Are they selling us broken games or are we becoming testers?.

I have encouraged myself to write this article because I am seeing that recently another “disease” in the world of video games is becoming very fashionable, which could well be the logical evolution of that virus that we call “DLC”. I mean the fact put unfinished games on the market.

It is true, it is not something as widespread as downloadable content, but they are falling into this, let’s call it a mistake, even large companies that used to release the most solid games. I guess it won’t just be me who has the feeling that games are not tested as before, that although they were much simpler than those of today, if they came to our hands with bugs and glitches, they were usually something anecdotal.

To take a quick example and use a saga that consumes many people, can you imagine what would have happened if GTA: San Andreas I would have had the garage bug that came standard with GTA V?

Are they selling us broken games or are we becoming testers?

So that those who do not know what I am talking about, the vehicles that you kept in your garages in GTA V disappeared in a short time, so that apart from the car you wasted time and money that you would have spent finding / buying it, tuning it, etc.

And there are more examples, and not all of them are trifles, surely while you read, some will come to mind.
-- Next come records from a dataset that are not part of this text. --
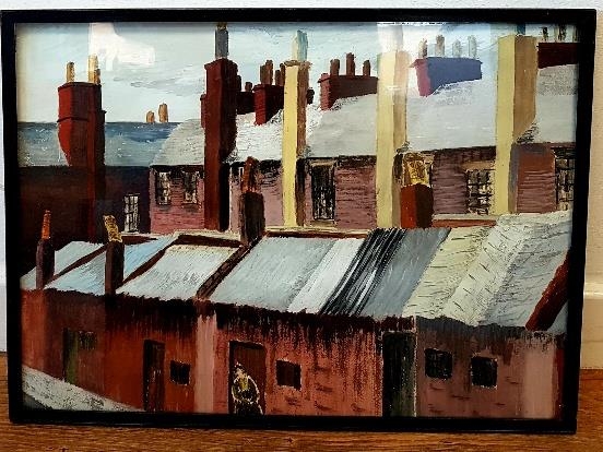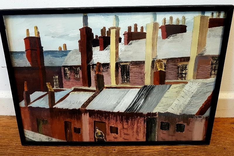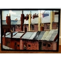 Framed and Glazed watercolour of mining town terraced rooftops, unsigned. Size is 21 inches x 15 inches
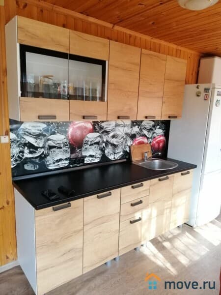 Основным стоением является кирпичный дом. Площадь 1-го этажа 50 м?, 2-й этаж мансардный 30 м кв. На первом этаже большая терраса с оборудованной кухней и лесницей на второй этаж. Одна комната и санузел с душевой кабиной. На втором этаже одна большая комната с выходом на лоджию. Внутри дом обшит вагонкой. Окна ПВХ. Свет 220 в. Снаружи дом отделан декоративными панелями.
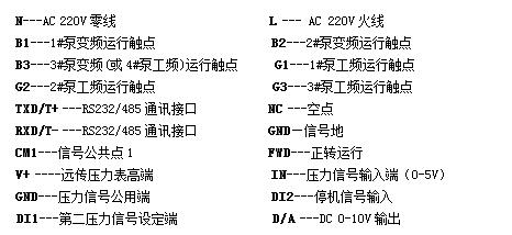 三(san)個泵(beng)工作狀態指示燈P1、P2、P3表(biao)示三臺泵(beng)(beng),當指(zhi)示燈為綠色時(shi)表(biao)示對應泵(beng)(beng)工作在變頻(pin)方式,當指(zhi)示燈為紅色時(shi),表(biao)示對應泵(beng)(beng)工作在工頻(pin)方式。當工作在第二(er)壓(ya)力(消(xiao)防壓(ya)力)狀態時(shi),AL指示燈顯(xian)示綠色;當缺水(停機)端子接通時,AL指示(shi)燈顯示(shi)紅色,同(tong)時控(kong)制器(qi)(qi)所有(you)輸出控(kong)制都停(ting)止,直(zhi)到(dao)缺水(停(ting)機(ji))狀態解除(chu),控(kong)制器(qi)(qi)重新開(kai)始工作。OUT為備用指示(shi)燈。
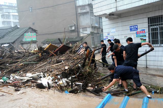 救援民警在沃溪村將堵塞物移除
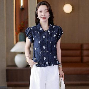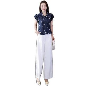 时尚套装女2025夏季洋气减龄显瘦印花短袖衬衫阔腿裤休闲两件套潮

The last and bloodiest I can think of is the 20GB multiplayer patch from the recent Master Chief Collection by Halo. Didn’t there fit more records in the box or what?

Are they selling us broken games or are we becoming testers?

These timely patches are the crux of the question: Are you starting to take less care at certain points of development games because they can fix it afterwards? Does someone who is paid to test the game really not notice these bugs, some so basic?

Obviously this too has its positive sideSince there is feedback from the internet, social networks, etc., developers can get to work fixing something that has been overlooked; what I find intolerable is that it is the daily bread, and a week after buying a game you endorse an update because a certain secondary mission is unplayable.

Are they selling us broken games or are we becoming testers?

In summary, these updates, patches, or whatever you want to call them are usually fairly trivial things, but, at least in my opinion, the one that is becoming a habit is still a disrespect to the playerIt is as if they said “Take this game, we have tested it at 90%, you will tell us if something fails in the other 10% so that we can fix it.” And that if they fix it and do not mark a Batman: Arkham Origins,Clear.